───── GIVEN RECORDS

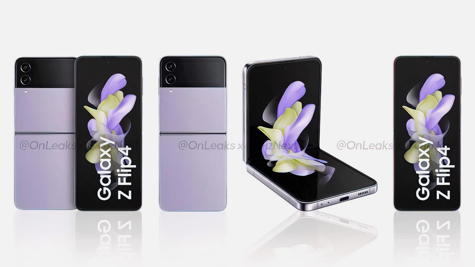 Der meist ausgesprochen zuverlässige Leaker @OnLeaks hat zusammen mit GizNext die unten eingebetteten Bilder veröffentlicht, bei denen es sich angeblich um die offiziellen Pressebilder des Samsung Galaxy Z Flip4 5G handelt. Dabei ist das faltbare Smartphone in den Farben Schwarz, Blau, Orange und Violett zu sehen. Die Farben werden von Samsung angeblich Graphite, Blue, Pink Gold und Bora Purple genannt.
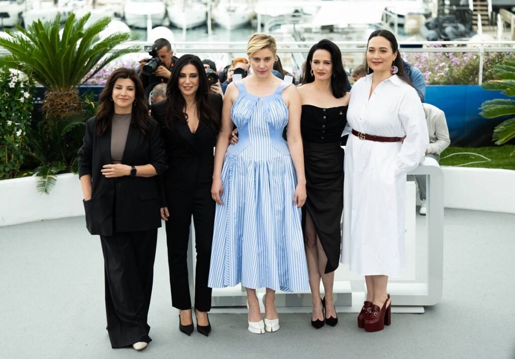 Os membros do júri, Ebru Ceylan, Nadine Labaki, presidente do júri, Greta Gerwig, Eva Green e Lily Gladstone participam da chamada fotográfica do júri no 77º Festival Anual de Cinema de Cannes
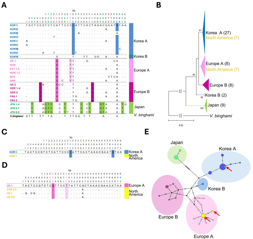 通过C292/G592等韩国特有SNP,研究者首次发现日本种群(0.023-0.028遗传距离)与韩国种群明显分化,而欧洲群体分为A(含丹麦V.c.germana)、B(含英国V.c.gribodoi)两支。北美入侵溯源显示:加拿大不列颠哥伦比亚标本与韩国KOR I完全匹配,
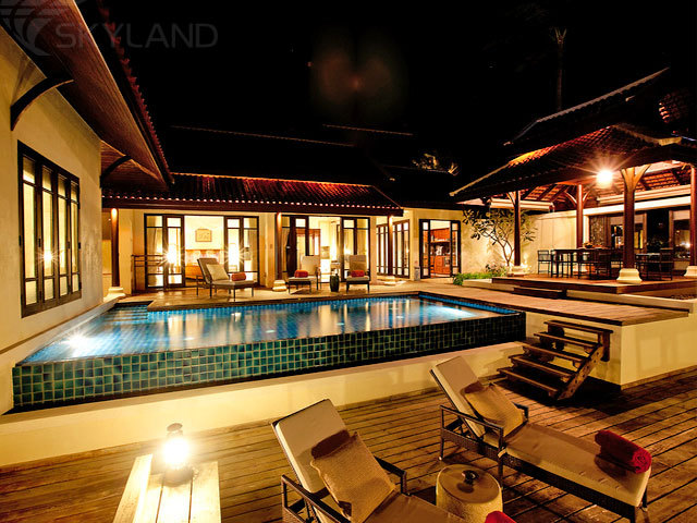 11 Anantara Pool Villas (160 кв.м) – роскошно оборудованные виллы с индивидуальным открытым бассейном (3х6 м), состоящие из спальни с кроватью king-size, отдельной гостиной, ванной комнаты открытого плана с душевой кабиной, «ливневым» душем на свежем воздухе, окруженной тропическим садиком обширной открытой террасы с солярием и павильоном Sala с гостиной зоной и огромной ванной на двоих на свежем воздухе.
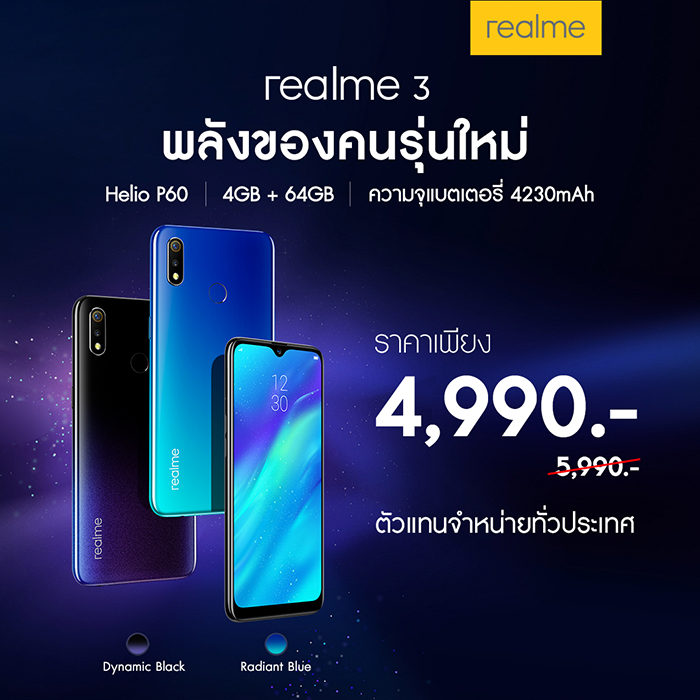 การปรับราคาจะมีผลตั้งแต่ 27 กรกฎาคม 2562 เป็นต้นไป สำหรับ realme 3 รุ่นความจุ 4 GB + 64 GB เหลือเพียง 4,900 บาท (จากราคาปกติ 5,990 บาท) มีให้เลือก 2 สี ได้แก่ Dynamic Black และ Radiant Blue วางจำหน่ายที่ Banana, BKK Tablet Smartphone, CYBORG KONG, KINGKONG PHONE, TEAM Tablet Smartphone, MAXLINK, IBIZ, CSC และตัวแทนจำหน่ายทั่วประเทศ

──────────

**TO DO**. Would you return the data exactly as written, without the pictures?

**RESPONSE TO THIS EXERCISE**.
 Der meist ausgesprochen zuverlässige Leaker @OnLeaks hat zusammen mit GizNext die unten eingebetteten Bilder veröffentlicht, bei denen es sich angeblich um die offiziellen Pressebilder des Samsung Galaxy Z Flip4 5G handelt. Dabei ist das faltbare Smartphone in den Farben Schwarz, Blau, Orange und Violett zu sehen. Die Farben werden von Samsung angeblich Graphite, Blue, Pink Gold und Bora Purple genannt.
 Os membros do júri, Ebru Ceylan, Nadine Labaki, presidente do júri, Greta Gerwig, Eva Green e Lily Gladstone participam da chamada fotográfica do júri no 77º Festival Anual de Cinema de Cannes
 通过C292/G592等韩国特有SNP,研究者首次发现日本种群(0.023-0.028遗传距离)与韩国种群明显分化,而欧洲群体分为A(含丹麦V.c.germana)、B(含英国V.c.gribodoi)两支。北美入侵溯源显示:加拿大不列颠哥伦比亚标本与韩国KOR I完全匹配,
 11 Anantara Pool Villas (160 кв.м) – роскошно оборудованные виллы с индивидуальным открытым бассейном (3х6 м), состоящие из спальни с кроватью king-size, отдельной гостиной, ванной комнаты открытого плана с душевой кабиной, «ливневым» душем на свежем воздухе, окруженной тропическим садиком обширной открытой террасы с солярием и павильоном Sala с гостиной зоной и огромной ванной на двоих на свежем воздухе.
 การปรับราคาจะมีผลตั้งแต่ 27 กรกฎาคม 2562 เป็นต้นไป สำหรับ realme 3 รุ่นความจุ 4 GB + 64 GB เหลือเพียง 4,900 บาท (จากราคาปกติ 5,990 บาท) มีให้เลือก 2 สี ได้แก่ Dynamic Black และ Radiant Blue วางจำหน่ายที่ Banana, BKK Tablet Smartphone, CYBORG KONG, KINGKONG PHONE, TEAM Tablet Smartphone, MAXLINK, IBIZ, CSC และตัวแทนจำหน่ายทั่วประเทศ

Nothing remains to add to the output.